Japanese Prime Minister Yoshihide Suga greeted US Secretary of State Antony Blinken and US Defense Secretary Lloyd Austin. Photo: AFP

Japan and the US plan to affirm the significance of stability in the Taiwan Straits when Japanese Prime Minister Yoshihide Suga visits Washington in April for a summit with US President Joe Biden, according to Nikkei. The report said that the two sides are in discussions to include the passage on the island of Taiwan in a joint statement to be released after the summit.

With China's rise, peaceful albeit, the US feels urgent to contain China's growth to maintain its regional and global hegemony. Yet the international community has witnessed the US' decline. The US may be aware that it can hardly curb China's advance on its own, said Wang Guangtao, an associate research fellow at the Center for Japanese Studies of Fudan University. Thus, Washington wants to gang up against China with its allies, including Japan, one of its pivotal allies in the region. It is anticipated that the US has piled considerable pressure on Japan.

The US-Japan military alliance has been on an unequal footing - the US has pledged to defend Japan, while Japan has coordinated and bolstered US strategies. Since the previous Shinzo Abe administration, Tokyo had proactively collaborated with Washington's Indo-Pacific Strategy. The Suga administration's cooperation with the US' global and regional strategic deployment is consistent with Japan's long-term diplomatic practices.

This is not the sole case in which Japan publicly and explicitly expressed its voices on the Taiwan question with the US in recent weeks. Japanese government sources said on March 20 that Japanese and US defense chiefs agreed in their meeting in Tokyo on March 16 to closely cooperate in the event of a military clash between the Chinese mainland and the island of Taiwan, according to Kyodo News. 

Amid the visit of US Defense Secretary Lloyd Austin to Tokyo on March 16, his Japanese counterpart Nobuo Kishi noted that the Chinese mainland's defense spending has now grown 16 times Taiwan's. A joint statement of the recent US-Japan "2+2" meeting said the two countries both "underscored the importance of peace and stability in the Taiwan Strait."

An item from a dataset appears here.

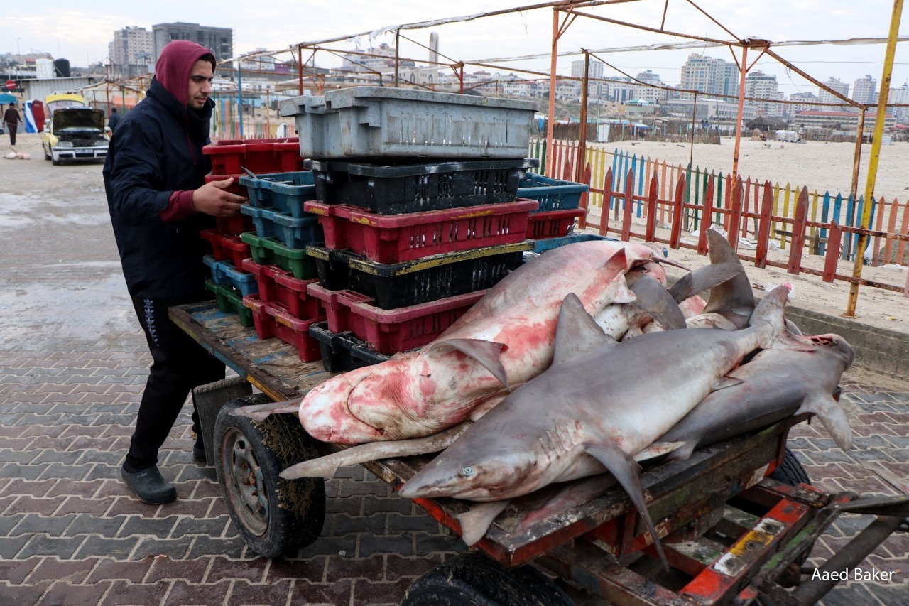 وفي حدث نادرا ما يتكرر، دفع منخفض جوي، أسماك القرش إلى غزة، ليقوم الصيادون باصطيادها وبيعها للمواطنين.

However, as the Kyodo News reported, Tokyo's policy on cross-Taiwan Straits relations is to encourage dialogue for a peaceful solution to the tensions. It is rare to see Japan express its notion on the Taiwan question with the US at such a frequent rate in less than one month. Why?

Japan, as China's neighbor, labeled China as its main security threat in the annual defense review in 2019. From Japan's perspective, to ease its insecure sentiment, it is necessary to consolidate its defense forces and pursue a closer alliance with the US. Hyping the cross-Straits tensions has become its leverage to strengthen its defense capabilities. Furthermore, as Suga's scheduled visit to the US is approaching, leaning to the US in terms of the Taiwan question, the most important and sensitive issue between China and the US, will help Japan seek more security guarantees from the US.

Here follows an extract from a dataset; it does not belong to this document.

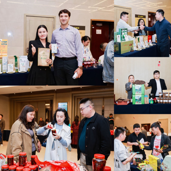 “头雁”产品展现场,来自贵州各市州的特色农产品琳琅满目,绿茶、灵芝、天麻、香肠、豆腐干、樱桃、猕猴桃、金银花、酱酒、民族特色银饰、蜡染布艺制品等令人目不暇接,现场对接交流气氛热烈。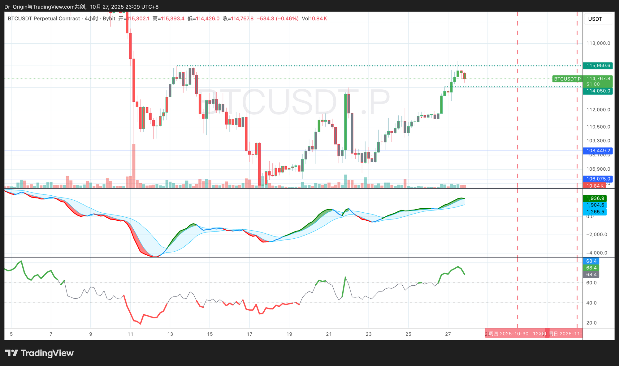 We must remain hyper-vigilant for a secondary false breakout. In the game of manipulation, a higher, more deceptive spike (e.g., a thrust toward $117,000 or even higher) would be the "master stroke" of this operation. Such a move would be designed to surgically liquidate the more sophisticated traders who correctly identified the first spike as false and have already entered short positions. The operator (the "Composite Man") possesses a near-perfect map of liquidity; they know where all the stop-loss clusters are. This first false breakout has actively revealed a part of their hand.

Additionally, Suga's term as the Liberal Democratic Party president, and as the prime minister, is due to end in September. To win the next election, the Suga administration needs to meet domestic expectations. Its tough stance on China by playing the "Taiwan card" is also to accumulate political capital.

Japan's recent noises on the Taiwan question will definitely hit its relations with China. If the passage on Taiwan is included in the joint statement after the summit between Suga and Biden, the hit will be grave. If Japan makes any substantive move that impairs China's national interests on the Taiwan question, China will take countermeasures against it. Japan's loss will sharply outweigh its gain if it ties itself on the US' anti-China chariot and sows discord across the Taiwan Straits.